• Task goal: Print the records below exactly, omitting all pictures.

• Available data:
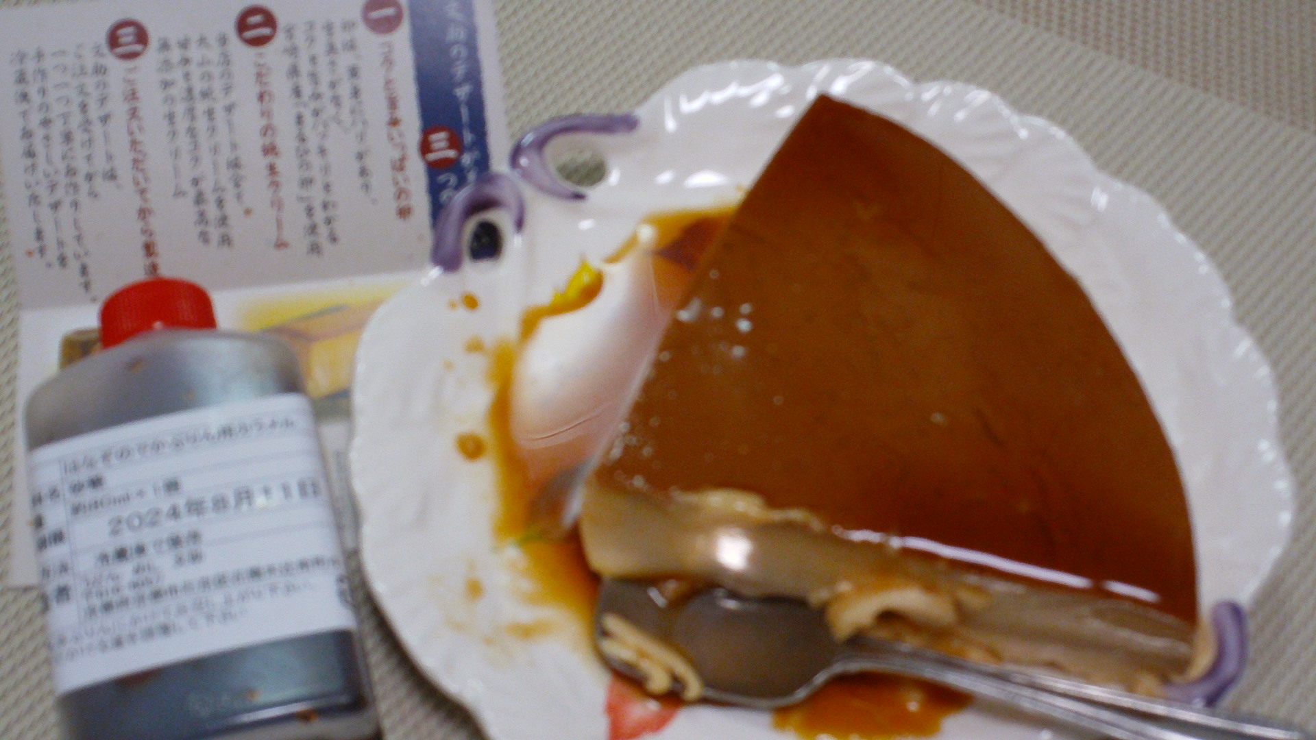 はなぞのでかぷりんが到着して、箱を開けた瞬間、家族でびっくりしました。でかぷりんどころが、でかでかぷりんではないでしょうか。これは、ほんとうに家族みんなで、楽しめるサイズに違いありません。また、受け取った側がワクワクすること、請け負います。だってこんな大きなプリンを見ることが、あった人は、今までなかなかいないでしょうから。子どもの頃に戻れるような、そんなワクワクドキドキの夢のような経験ができます。まず、丁寧に包装されている包みを取り、切り分けて、一口。うん、まったく、ほんの少し心配していた大味なんてことは、ぜんぜんありません。大きいけども、すごく、繊細な味わいです。ほんとうに丁寧に作られているのがわかります。まず、そのままを味わってみましたが、卵をはじめとして、素材の素晴らしさが伝わります。ほんとうに美味しい。合わせて特筆すべきは、このカラメルソース。ほんとうに濃くて甘味が絶妙で、素晴らしいです。これがあれば、いくらでも食べられる。こんな素晴らしいプリン、みんなに愛されます
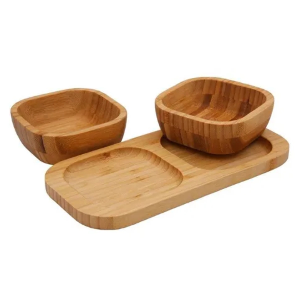 | Eleve sua experiência ao servir com este conjunto de 2 petisqueiras de bambu, composto por 3 peças: dois mini bowls e um prato de apoio. Fabricado em bambu natural, este conjunto é sustentável, funcional e perfeito para servir petiscos, molhos, queijos, ou sobremesas com elegância. |
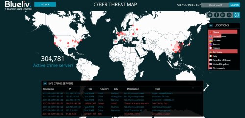 En este mapa se muestra en tiempo real la geolocalización de servidores de cibercrimen los cuales participan en actividades delictivas tales como el robo de credenciales, el robo de tarjetas de crédito o distribución de malware.
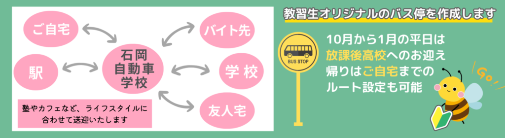 ご自宅や学校、バイト先や職場までの無料送迎付きです。
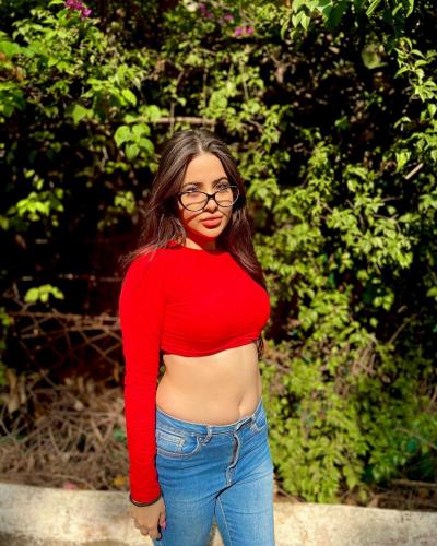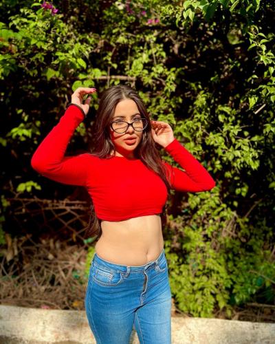उर्फी जावेद या फोटोंमध्ये लाल रंगाचा टॉप घातलेला दिसत आहे आणि तिच्या डोळ्यांवर चष्मा आहे.
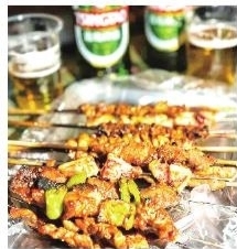 炭烤肉的香,就像氤氲在空气中的“烤肉分子”,尤其在饥肠辘辘时,能够随着空气流动迅速击穿你的“减肥防线”。烟雾缭绕中的烤肉,在烤炉上用蒲扇一扇,香味就四散开来,肉还未吃到,口水已经先流下来了。“青岛人吃烤肉,不爱吃纯瘦肉,肉筋和五花才吃着香。”刘先生说,烤肉品种多、味道地道,加上青岛啤酒的加持,更是令青岛炭烤肉活色生香。
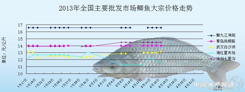 中國水產頻道獨家報道, 8月16日全國主要批發市場鯽魚價格行情如下: 全國主要批發市場大宗價格 日期 產品 批發市場 大宗價格 單位 鯽魚 江西九江潯陽 16.6 元/公斤 鯽魚 湖北浠水 15 元/公斤 鯽魚 湖北武漢白沙洲 13.2 元/公斤 鯽魚 江蘇凌家塘 16.5 元/公斤 鯽魚 江蘇徐州七里溝 14.5 元/公斤 鯽魚 山東威海水產品 22 元/公斤 鯽魚 山東青島撫順路 14 元/公斤 鯽魚 山西大同振華 13 元/公斤 鯽魚 重慶觀農貿 16 元/公斤 鯽魚 四川廣安鄰水 17 元/公斤 鯽魚 安徽馬鞍山安民 15 元/公斤 鯽魚 安徽合肥周谷堆 15.3 元/公斤 鯽魚 湖南益陽團洲 11.5 元/公斤 鯽魚 湖南長沙馬王堆 12.5 元/公斤 鯽魚 湖南紅星市場 11.7 元/公斤 鯽魚 北京石門 17 元/公斤 鯽魚 廣西柳邕農批 16 元/公斤 (中國水產頻道水產價格信息共享Q群:245296163,歡迎提供各種水產品一線價格信息!) | |||||||||||||||||||||||||||||||||||||||||||||||||||||||||||||||||||||||||||||||||||||||||||||||
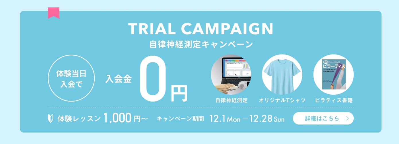 ※体験レッスン当日に入会手続きを行うと、入会金が無料になるキャンペーンを実施している場合があります。最新の情報や詳細については、公式サイトや最寄りのスタジオにお問合せください。
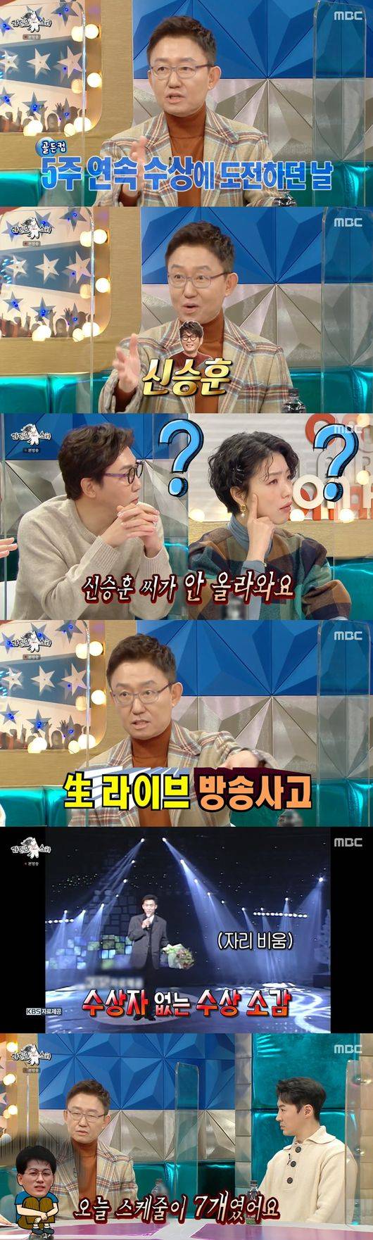 이어 손범수는 "신승훈씨가 1위었는데 안 올라 오더라. 그래서 신승훈씨가 올 동안 계속 얘기를 했다. 발이 보이길래 온 줄 알았는데 신승훈씨를 찾으러 간 FD의 발이었다"라고 말했다.
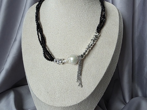 Colier din mărgele negre, hematit și perlă de cultură barocă
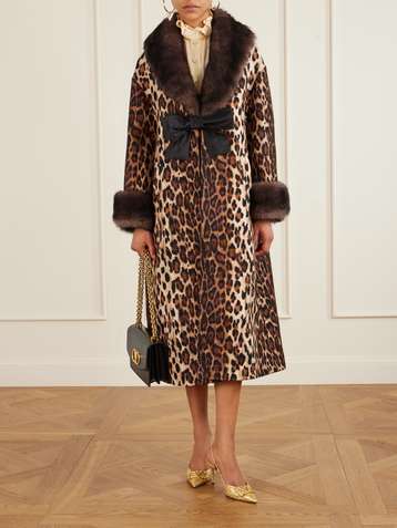 Bow-embellished shearling-trimmed leopard-print wool coat
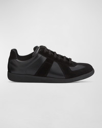 - Maison Margiela low-top sneaker in leather and suede. - Round toe. - Lace-up front. - Signature label at tongue. - Padded collar. - Maison Margiela signature white stitched label detail on back collar. - Leather lining and insole. - Rubber outsole. - "Replica" is made in Italy.
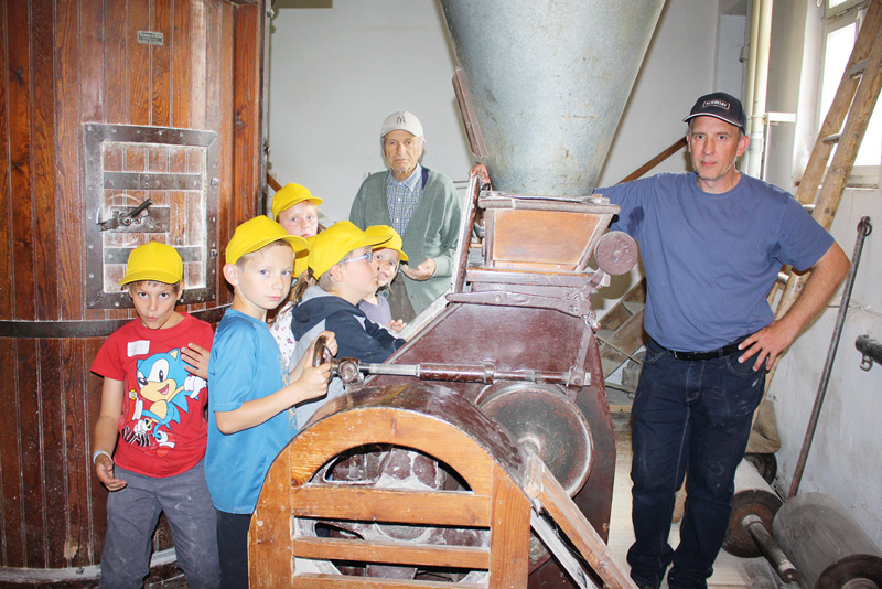 40 Kinder nahmen dieses Jahr beim Ferienangebot des Bauernverbandes Buseck teil. Mit Traktorgespannen wurde zunächst eine kleine Lehrfahrt durch die Felder unternommen. Auf der Spitzmühle (Foto) erklärte ihnen später Müllermeister Karl-Heinz Fiedler den Weg vom Korn zum Mehl. Interessantes unter anderem zur Imkerei erläuterten ihnen Paulfried Spies sowie Melanie Abel zur Haltung von Pferden.
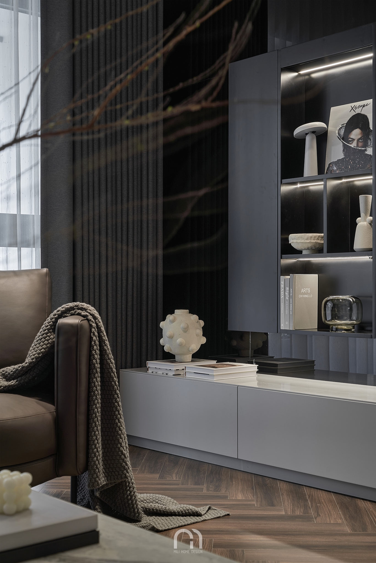 DHP Group đã thiết kế và thi công nội thất căn nhà theo phong cách sang trọng, lịch sự, chú trọng sự hài hòa giữa công năng và thẩm mỹ. Phòng khách được bố trí hiện đại, sử dụng vật liệu mới để tạo cảm giác thoáng đãng, tiện nghi. Các chi tiết nội thất được xử lý tinh tế, mang lại sự đồng bộ và nâng tầm không gian sống.

• Problem solution:
 はなぞのでかぷりんが到着して、箱を開けた瞬間、家族でびっくりしました。でかぷりんどころが、でかでかぷりんではないでしょうか。これは、ほんとうに家族みんなで、楽しめるサイズに違いありません。また、受け取った側がワクワクすること、請け負います。だってこんな大きなプリンを見ることが、あった人は、今までなかなかいないでしょうから。子どもの頃に戻れるような、そんなワクワクドキドキの夢のような経験ができます。まず、丁寧に包装されている包みを取り、切り分けて、一口。うん、まったく、ほんの少し心配していた大味なんてことは、ぜんぜんありません。大きいけども、すごく、繊細な味わいです。ほんとうに丁寧に作られているのがわかります。まず、そのままを味わってみましたが、卵をはじめとして、素材の素晴らしさが伝わります。ほんとうに美味しい。合わせて特筆すべきは、このカラメルソース。ほんとうに濃くて甘味が絶妙で、素晴らしいです。これがあれば、いくらでも食べられる。こんな素晴らしいプリン、みんなに愛されます
 | Eleve sua experiência ao servir com este conjunto de 2 petisqueiras de bambu, composto por 3 peças: dois mini bowls e um prato de apoio. Fabricado em bambu natural, este conjunto é sustentável, funcional e perfeito para servir petiscos, molhos, queijos, ou sobremesas com elegância. |
 En este mapa se muestra en tiempo real la geolocalización de servidores de cibercrimen los cuales participan en actividades delictivas tales como el robo de credenciales, el robo de tarjetas de crédito o distribución de malware.
 ご自宅や学校、バイト先や職場までの無料送迎付きです。
उर्फी जावेद या फोटोंमध्ये लाल रंगाचा टॉप घातलेला दिसत आहे आणि तिच्या डोळ्यांवर चष्मा आहे.
 炭烤肉的香,就像氤氲在空气中的“烤肉分子”,尤其在饥肠辘辘时,能够随着空气流动迅速击穿你的“减肥防线”。烟雾缭绕中的烤肉,在烤炉上用蒲扇一扇,香味就四散开来,肉还未吃到,口水已经先流下来了。“青岛人吃烤肉,不爱吃纯瘦肉,肉筋和五花才吃着香。”刘先生说,烤肉品种多、味道地道,加上青岛啤酒的加持,更是令青岛炭烤肉活色生香。
 中國水產頻道獨家報道, 8月16日全國主要批發市場鯽魚價格行情如下: 全國主要批發市場大宗價格 日期 產品 批發市場 大宗價格 單位 鯽魚 江西九江潯陽 16.6 元/公斤 鯽魚 湖北浠水 15 元/公斤 鯽魚 湖北武漢白沙洲 13.2 元/公斤 鯽魚 江蘇凌家塘 16.5 元/公斤 鯽魚 江蘇徐州七里溝 14.5 元/公斤 鯽魚 山東威海水產品 22 元/公斤 鯽魚 山東青島撫順路 14 元/公斤 鯽魚 山西大同振華 13 元/公斤 鯽魚 重慶觀農貿 16 元/公斤 鯽魚 四川廣安鄰水 17 元/公斤 鯽魚 安徽馬鞍山安民 15 元/公斤 鯽魚 安徽合肥周谷堆 15.3 元/公斤 鯽魚 湖南益陽團洲 11.5 元/公斤 鯽魚 湖南長沙馬王堆 12.5 元/公斤 鯽魚 湖南紅星市場 11.7 元/公斤 鯽魚 北京石門 17 元/公斤 鯽魚 廣西柳邕農批 16 元/公斤 (中國水產頻道水產價格信息共享Q群:245296163,歡迎提供各種水產品一線價格信息!) | |||||||||||||||||||||||||||||||||||||||||||||||||||||||||||||||||||||||||||||||||||||||||||||||
 ※体験レッスン当日に入会手続きを行うと、入会金が無料になるキャンペーンを実施している場合があります。最新の情報や詳細については、公式サイトや最寄りのスタジオにお問合せください。
 이어 손범수는 "신승훈씨가 1위었는데 안 올라 오더라. 그래서 신승훈씨가 올 동안 계속 얘기를 했다. 발이 보이길래 온 줄 알았는데 신승훈씨를 찾으러 간 FD의 발이었다"라고 말했다.
 Colier din mărgele negre, hematit și perlă de cultură barocă
 Bow-embellished shearling-trimmed leopard-print wool coat
 - Maison Margiela low-top sneaker in leather and suede. - Round toe. - Lace-up front. - Signature label at tongue. - Padded collar. - Maison Margiela signature white stitched label detail on back collar. - Leather lining and insole. - Rubber outsole. - "Replica" is made in Italy.
 40 Kinder nahmen dieses Jahr beim Ferienangebot des Bauernverbandes Buseck teil. Mit Traktorgespannen wurde zunächst eine kleine Lehrfahrt durch die Felder unternommen. Auf der Spitzmühle (Foto) erklärte ihnen später Müllermeister Karl-Heinz Fiedler den Weg vom Korn zum Mehl. Interessantes unter anderem zur Imkerei erläuterten ihnen Paulfried Spies sowie Melanie Abel zur Haltung von Pferden.
 DHP Group đã thiết kế và thi công nội thất căn nhà theo phong cách sang trọng, lịch sự, chú trọng sự hài hòa giữa công năng và thẩm mỹ. Phòng khách được bố trí hiện đại, sử dụng vật liệu mới để tạo cảm giác thoáng đãng, tiện nghi. Các chi tiết nội thất được xử lý tinh tế, mang lại sự đồng bộ và nâng tầm không gian sống.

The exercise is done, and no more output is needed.